The key value really is the one you have defined near the start though
while 1
{
set $car maxtorque factor 0.5
Ideally you want to have that factor a variable too. That is the torque factor at min boost, and you move to 1.0 at max boost.
That figure is in a sense the responsiveness of the engine off-boost. A 1000bhp Skyline might need 0.3 for that factor, so until it gets some boost it's cutting out loads of torque.
A car like a 135i BMW that runs quite mild boost for only 270 > 300bhp vs the same family engine from NA > turbo, might have the torque factor at 0.8 for example, so 80% of the torque is always there, 20% comes with some lag...
So imo, you need to define that as a variable for users to tune.
The second problem is that the turbo is quite independent of engine rpm. A higher gear and slower progression through the revs usually gives boost sooner and at lower rpm. I think rpm are tempting to use in there, but are probably best left out altogether.
The last issue is that when you define your torque curve, you have a low-rpm torque gap where the turbo can't ever get fast enough in real life. The problem is your 'script' turbo is cutting torque all over, so the low-end will feel even more laggy while in real life it might not be at all.
So we need a way to compensate for that too. We could do with saying something like the initial max torque factor is adjusted by engine rpm and a pair of variables which it interpolates between, say for a 1000bhp Skyline a curve might build up from 3000rpm and hit peak at 4500rpm, so you would have max torque factor at 1 from 0-3000rpm, and then from 3000-4500rpm have it change to the new factor of say 0.3, so it gets laggy.
Personally I think it's too complicated. Mine looks a bit like that now, but the reason I have too many variables is I'm chasing around problems which are generated by the above issues. Those above issues are more real ways to get a realistic turbo behaviour.
I'm aiming for a list a bit like this for user inputs.
spinup (rate it spins up)
spindown (rate it spins down)
boost (the value that moves around and defines how much instant torque you get)
boost threshold (where boost starts being added)
peak boost (where boost stops building up)
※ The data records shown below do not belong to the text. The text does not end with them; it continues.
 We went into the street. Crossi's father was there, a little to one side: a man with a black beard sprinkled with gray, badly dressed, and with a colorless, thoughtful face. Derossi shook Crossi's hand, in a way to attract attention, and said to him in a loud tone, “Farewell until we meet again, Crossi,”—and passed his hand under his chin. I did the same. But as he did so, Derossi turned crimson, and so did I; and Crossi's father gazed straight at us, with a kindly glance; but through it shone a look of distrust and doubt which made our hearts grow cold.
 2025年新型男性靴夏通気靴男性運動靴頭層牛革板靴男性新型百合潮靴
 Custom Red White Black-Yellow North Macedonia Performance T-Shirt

In theory that should be enough.
You can grab the turbo max speed as a notional amount from 1-boost... then you can just use spinup/spindown values in the appropriate magnitude range to work with the kinds of values that gives you (between 0 and 1)
I realised last night that having min/max speed defined, and spinup/spindown, just resulted in values that could all be worked up and down with the same end result.
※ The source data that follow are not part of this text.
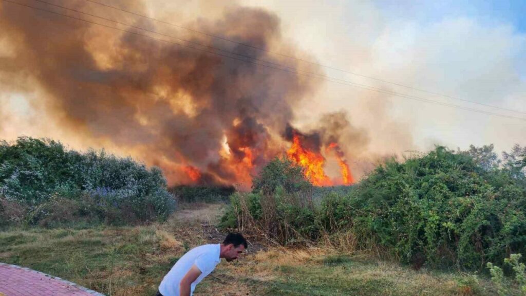 Ççiftlikteki yangını söndürme çalışmaları devam ederken, alevler yaklaşık 200 metre mesafede bulunan Millet Bahçesi’ne sirayet etti. Bahçenin arka cephesinde çıkan yangın, rüzgarın da etkisiyle Millet Bahçesi’nin karşısında bulunan alana da sıçradı.
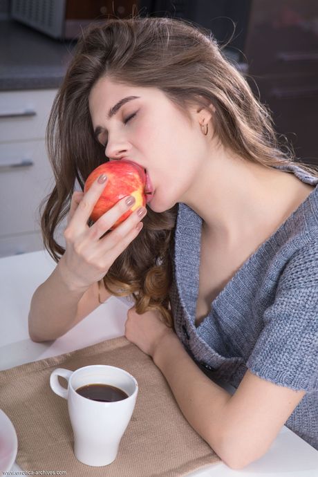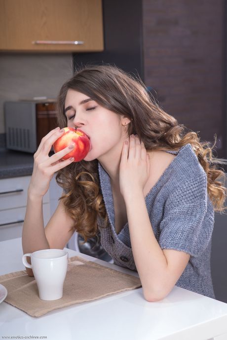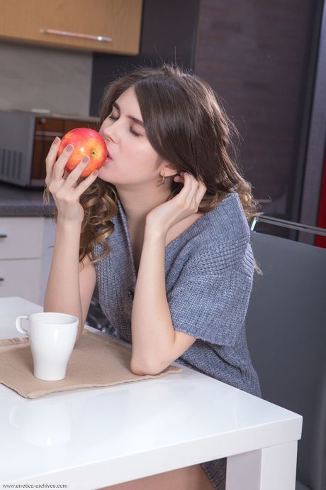 Angelic teen Luna Pica gets naked on the kitchen table while eating an apple
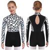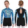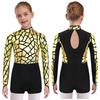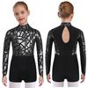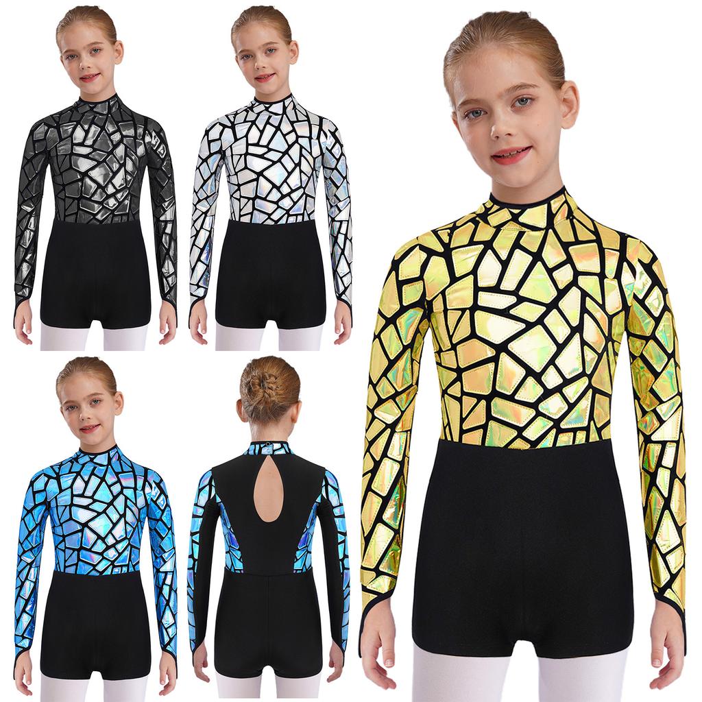 Sparkling Metallic Sequin Jumpsuit for Girls: Mock Neck Long Sleeve Keyhole Back Bodysuit for Gymnastics & Dance Shows

Ie, half spinup, half spindown and half the max speed and it was the same for all intents and purposes. Max speed seems to be pointless to set by another user input variable. The magnitude of the variables is kinda irrelevant, what seems to matter is that they are 'tangible' variables that make sense wrt the real system
Looks like you were thinking the same things as me hehe, but the issue last night for me was the lag was all over, and on high boost engines (ie, not much torque at full throttle off boost vs on boost like a 1000bhp skyline) the low-rpm part of the torque curve was horrible... you do need a way to turn off the turbo effects there.
The only alternative is to add torque back in, BUT, that is dodgy because it's not how the system works irl. Imo, as you deviate from real behaviour logic, the further from reality it will react.